Percolative Mott insulator-metal transition in doped Sr$_2$IrO$_4$

TL;DR

This study uses nanoscale imaging to reveal that doping-induced insulator-metal transition in Sr$_2$IrO$_4$ occurs via a percolation process involving defect states that enhance local conductance.

Contribution

It provides direct nanoscale evidence that the insulator-metal transition in doped Sr$_2$IrO$_4$ is percolative, linking defect states to macroscopic conductivity changes.

Findings

Enhanced LDOS at defect sites within the Mott gap.

Visualization of conductance paths formed by overlapping defect states.
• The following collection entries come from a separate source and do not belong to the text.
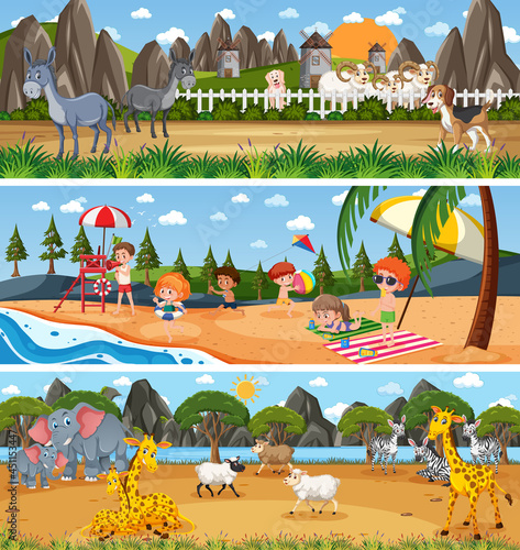 Vektorová sada letních outdoorových aktivit koncepční plakáty, bannery. Kempování, lezení po skále, surfování, potápění, jízda na kajaku, hraní frisbee a badmintonu, jízda na kole. Plochý design.
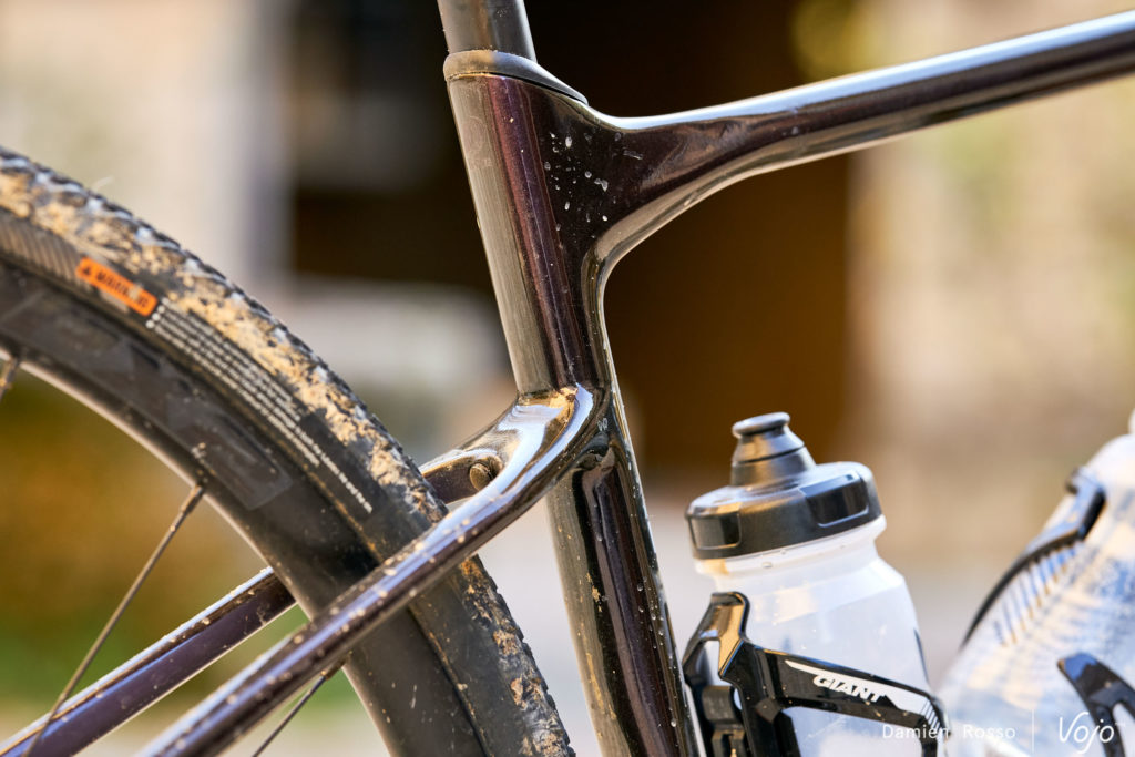 Le tube de selle mérite aussi qu’on s’y attarde. Tout d’abord, on note que les haubans se raccordent au tube de selle assez bas, pour créer une zone de déformation et offrir plus de confort au cadre. Ensuite, la forme du tube de selle est très particulière. Giant la nomme « DFuse », un nom doublement bien choisi, puisque la tige de selle spécifique a une forme de « D », et son rôle est de diffuser les vibrations et les impacts. Aplatie sur l’arrière, elle peut se déformer sur plusieurs millimètres pour offrir du confort. Et ça marche !
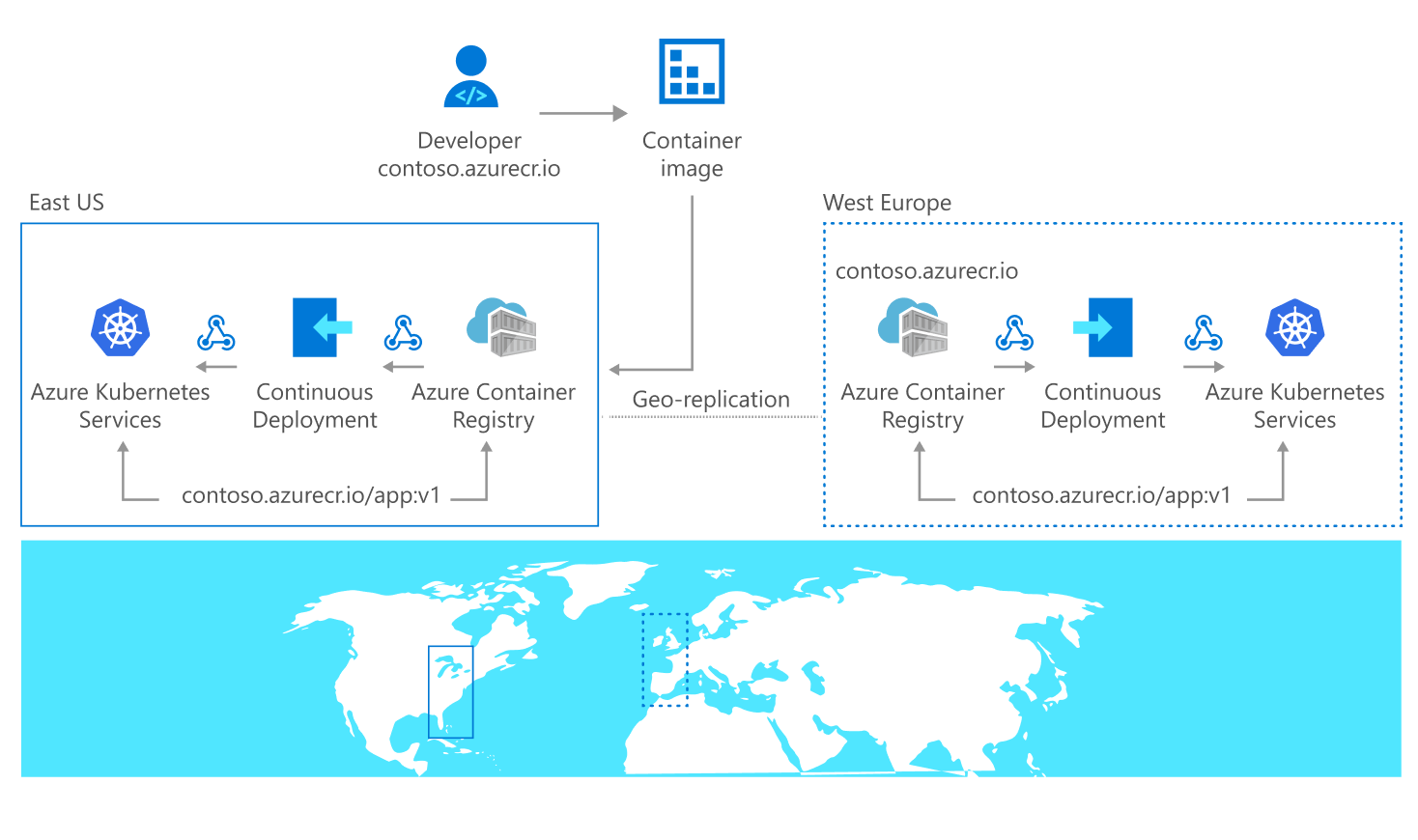 无论用户和主机身在何处,通过多主数据库异地复制启用单个注册表,都可为用户和主机提供服务。通过将项目推送到任何一个副本,可在所有副本之间同步该项目。本地拉取变为可用时,通过使用区域化的 Webhook 接收通知来加快部署。

Insulator-metal transition occurs through a percolation mechanism.

Abstract

Despite many efforts to rationalize the strongly correlated electronic ground states in doped Mott insulators, the nature of the doping induced insulator to metal transition is still a subject under intensive investigation. Here we probe the nanoscale electronic structure of the Mott insulator Sr$_2$IrO$_{4-\delta}$ with low-temperature scanning tunneling microscopy and find enhanced local density of states (LDOS) inside the Mott gap at the location of individual apical oxygen site defects. We visualize paths of enhanced conductance arising from the overlapping of defect states which induces finite LDOS at the Fermi level. By combining these findings with the typical spatial extension of isolated defects of about 2~nm, we show that the insulator to metal transition in Sr$_2$IrO$_{4-\delta}$ is of percolative nature.